- _Exercise prompt_:
Copy the lines below exactly, starting with the first and finishing with the one holding "This modern, abstract"; do not copy the pictures.

- _Stored data_:
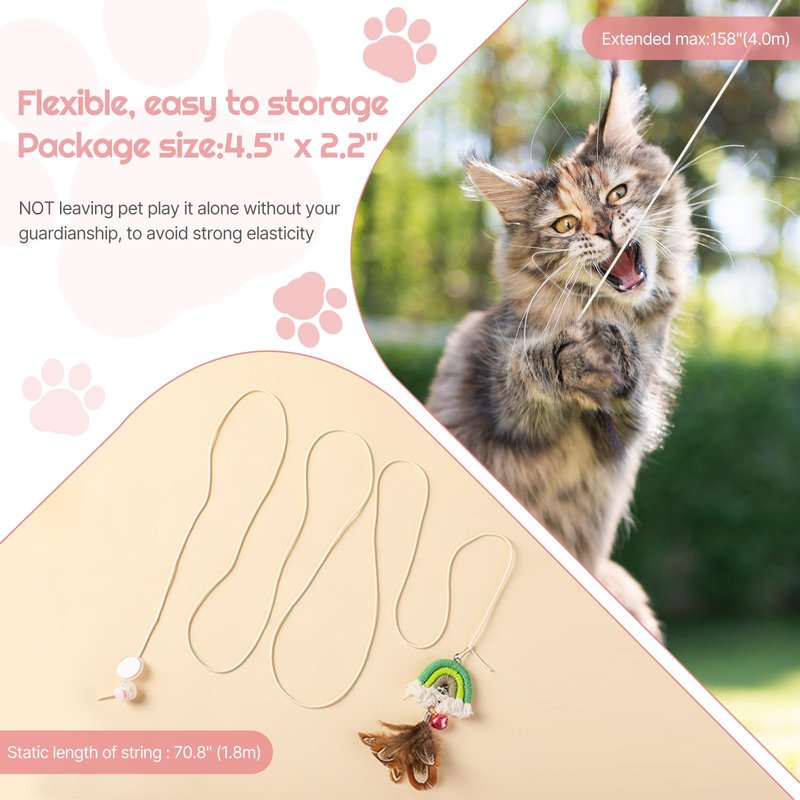 - 【Adjustable and durable】The elastic rope of this hanging cat toy extends from 10" to 70.8" (1.8m) and is made of thick, abrasion-resistant material. And you can adjust the length through the fixed botton. Your cats will flip, jump, pounce, chase like a wild animal with this teaser toy. Even if your cat bites off the rope, you can still tie it back on for longer life.
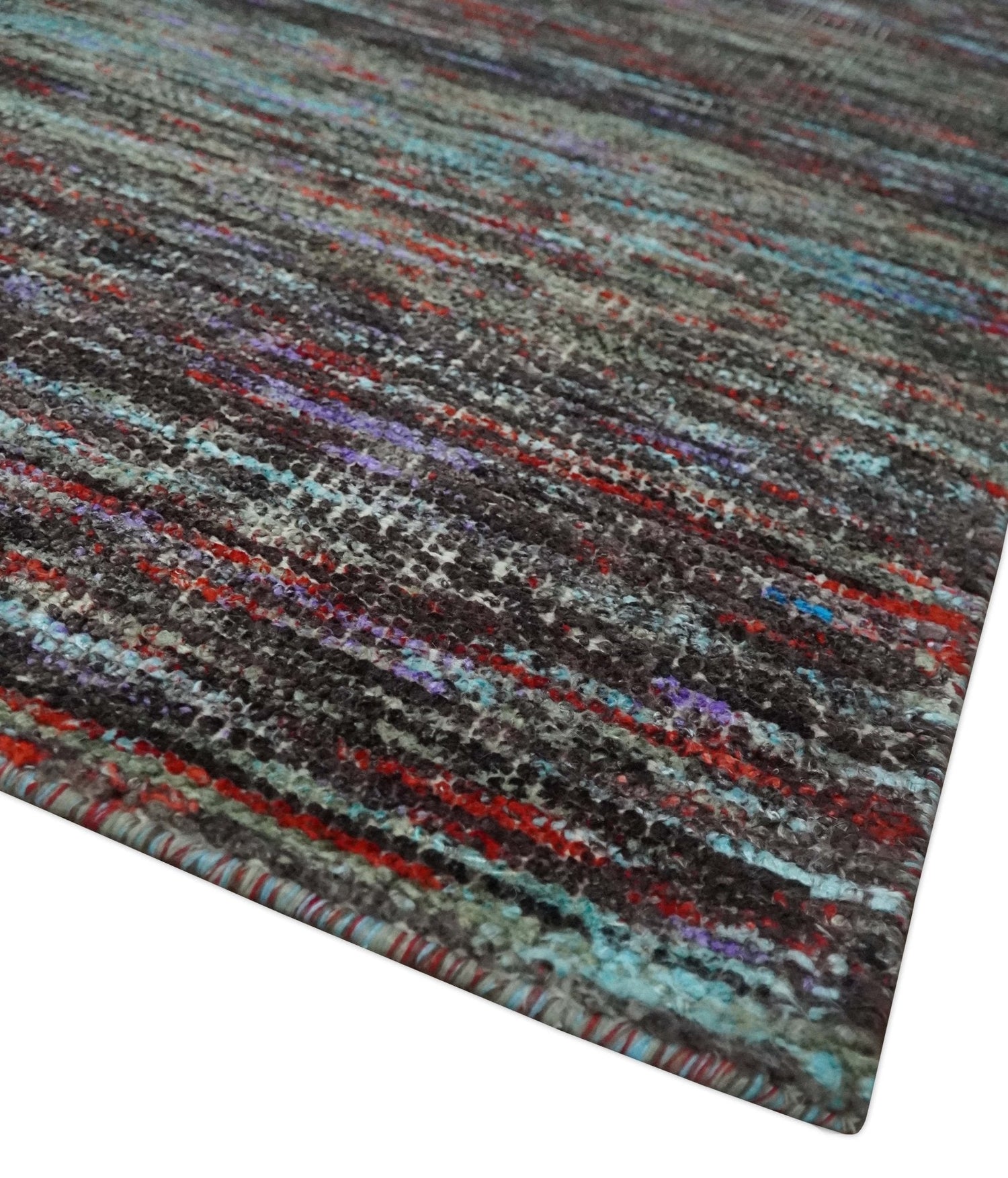 This modern, abstract rug features vibrant colors of maroon, violet, blue, and charcoal, skillfully hand knotted and flat woven in soft wool. With a generous size of 8x11.6, this rug will add a dynamic touch to any room in your home. Elevate your interior design with this eye-catching and expertly crafted piece.
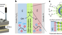 The galvanostatic EIS analysis is performed at three current densities such as 30, 40 and 50 mA cm−2 for both the SCBMs and the commercial FumaTech FBM membranes (for comparison). The value of λ is calculated using three sets of the frequencies and corresponding imaginary impedance values at the apex point of each Bode curve of the SCBMs (Fig. 4a) and FBMs (Supplementary Fig. 7a) using a simplified mathematical expression (Eq. 1 in Methods section)39. During repeated EIS analysis, we found a linear relationship of the λ in SCBMs (λSCJ: 83.4 < 90.6 < 93.1 nm) and λ in FBMs (λFBJ: 10.4 < 11.7 < 13.6 nm) with the applied current densities (30 < 40 < 50 mA cm−2). Herein, almost 89.1 nm junction region is electro-ionically neutral from ~300-nm-thick shielded catalytic junction (visible in the SEM cross-sectional image, Fig. 4b) containing PANI shields, catalyst and penetrated QPPO (see the distribution of bromine, a representative element of QPPO, in Supplementary Fig. 5). However, ~11.9 nm is the electro-ionically neutral catalytic junction in FumaTech FBM (Supplementary Table 4). A similar increasing trend in the junction capacitance (CSCJ: 18.7 < 21.1 < 21.9 µF cm2) and (CFBJ: 4.8 < 4.9 < 5.2 µF cm2) at increased current densities was obtained from the EEC modelling and the data simulation (fitting accuracy: 97% and χ2 value <10−4). The increase in λ (thickness of the electro-neutral junction region) and C (junction capacitance) with the increased current densities are likely due to a voltage-dependent change in ion concentrations during a WD process inside the membrane junction. However, comparatively larger λSCJ (89.1 nm) and CSCJ (20.6 µF cm2) predict spacious junction of the SCBMs than FumaTech FBM (λFBJ: 11.9 nm and CFBJ: 4.9 µF cm2). This junctional characteristic is highly beneficial for uptaking large feed water to avoid membrane dehydration and enabling fast water dissociation (Fig. 5c and Supplementary Fig. 11b)40. The electro-ionically insulated large region is also possible due to the porous morphology of the shielded catalytic junction (smaller Q-nPCI: 0.603, Supplementary Table 5). The small value of cumulative resistance of the SCBMs (RC+A+BLs: 0.906 ± 0.006 Ω cm2) compared with the FumaTech FBM (RC+A+BLs: 1.41 ± 0.01 Ω cm2) is also beneficial for enabling the quick supply of feed water to the junction and withdrawal of H+/OH− ions across the C/AEL of SCBMs. Another most important junctional characteristic is the water dissociation reaction resistance (RSCJ) and its significant decrease with increase in current densities such as 0.679 Ω cm2 at 30 mA cm−2 to 0.627 Ω cm2 at 40 mA cm−2 (7.66% decrease) and 0.549 Ω cm2 at 50 mA cm−2 (12.44% decrease) dictates an enhanced rate of water dissociation in SCBMs at high current densities (second Wein effect)33,34,35. Moreover, a comparatively smallest resistance (RCJI: 1.961 Ω cm2, RPCI: 1.293 Ω cm2 and RJAI: 1.779 Ω cm2) and largest admittance (Q-YCJI: 0.002 S cm−2 sn, Q-YPCI: 0.043 S cm−2 sn and Q-YJAI: 1.592E-4 S cm−2 sn) of the polyaniline-catalysts-interface (PCI) at both the 1 and 3 mA cm−2 predict fast ionic transportation and WD within the junction due to the abundance of PANI and the catalyst (Fig. 4b, Supplementary Fig. 8 and Supplementary Table 5). These results are theoretically in accordance with Faraday’s law of charge conduction (i.e., more the charge carriers, less the charge transfer resistance)7,41. Briefly, the EIS analysis preliminary validates the electrochemical excellence of the SCBMs compared with the commercial FumaTech FBMs such as large water uptake, fast water dissociation, and quick withdrawal of the produced H+/OH− ions at increased current densities.

- _Result below_:
 - 【Adjustable and durable】The elastic rope of this hanging cat toy extends from 10" to 70.8" (1.8m) and is made of thick, abrasion-resistant material. And you can adjust the length through the fixed botton. Your cats will flip, jump, pounce, chase like a wild animal with this teaser toy. Even if your cat bites off the rope, you can still tie it back on for longer life.
 This modern, abstract rug features vibrant colors of maroon, violet, blue, and charcoal, skillfully hand knotted and flat woven in soft wool. With a generous size of 8x11.6, this rug will add a dynamic touch to any room in your home. Elevate your interior design with this eye-catching and expertly crafted piece.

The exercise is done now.